In this case, the Liberals seem to have done the opposite. In 2005, the government announced that it was appointing a not-for-profit corporation to manage air-ambulance services, then effectively handed the keys to Chris Mazza, a former emergency-room doctor.

Ornge went on to create a web of both not-for-profit and for-profit companies, with a lack of firewalls. Perhaps the best example of the questionable conduct that followed, documented by the province's Auditor-General, was using public funds to purchase new helicopters from an Italian manufacturer, which then gave Ornge a contract for marketing services and made a donation to one of the charities it had set up. In another bizarre series of events, Ornge reportedly purchased a building for its headquarters, then leased it to itself at an above-market rate.
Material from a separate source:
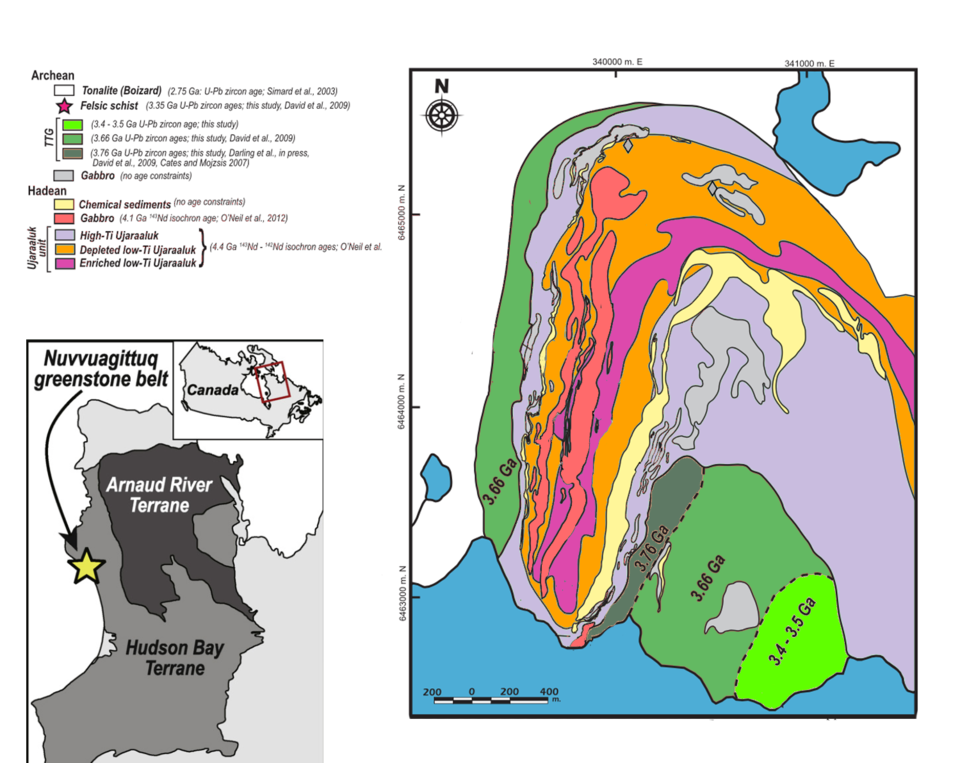 The Nuvvuagituq Belt is bounded by Eoarchean tonalites, trondhjemites and granodiorite aged around 3660 Ma, and further surrounded by younger approximately 2750 Ma tonalities.[33] Surrounding tonalites, trondhjemites and granodiorites (TTGs) are the product of partial melting of Hadean Mafic lithologies, which was similar to the informally-named Ujaraaluk unit. The remelt products of Hadean Ujaraaluk and the exposed, eoarhcean cummingtonite amphibolite unit share a similar geochemical composition, i.e. isotopic ratio of 142-Neodymiun and 144-Neodymium, which suggests that these isotopic ratios can be inherited from one generation of melt to another.[27] The TTG-Felsic crusts formed in multiple episodes. By U-Pb zircon geochronology, the fourfold episodic TTGs were dated to be 3.76 Ga, 3.66 Ga, 3.5–3.4 Ga and 3.35 Ga in age.[33]

There is some debate about why the government only put a stop to all this, ousting Ornge's senior management and board of directors, once media had begun reporting on it. Opposition parties argue that the Liberals turned a blind eye. Health Minister Deb Matthews has countered that Ornge stonewalled efforts to investigate it.

Even if the latter explanation is correct, it is hardly an excuse. It may be unrealistic to expect a minister responsible for nearly half of program spending to keep close tabs on every expenditure under her watch. But that is all the more reason that strong measures to ensure accountability – clear rules, regular financial reporting, an effective audit process, an engaged board of directors – need to be locked in whenever any such agency or organization is established.

The cost of failing to do so cannot just be measures in dollars. One of the dangers of a scandal such as Ornge is risk-aversion, when it comes to new service-delivery models. At a time when innovation is required to make health spending sustainable, that would be the wrong lesson to draw. Governments need to keep taking risks; they just need to be smarter about them than Mr. McGuinty's was.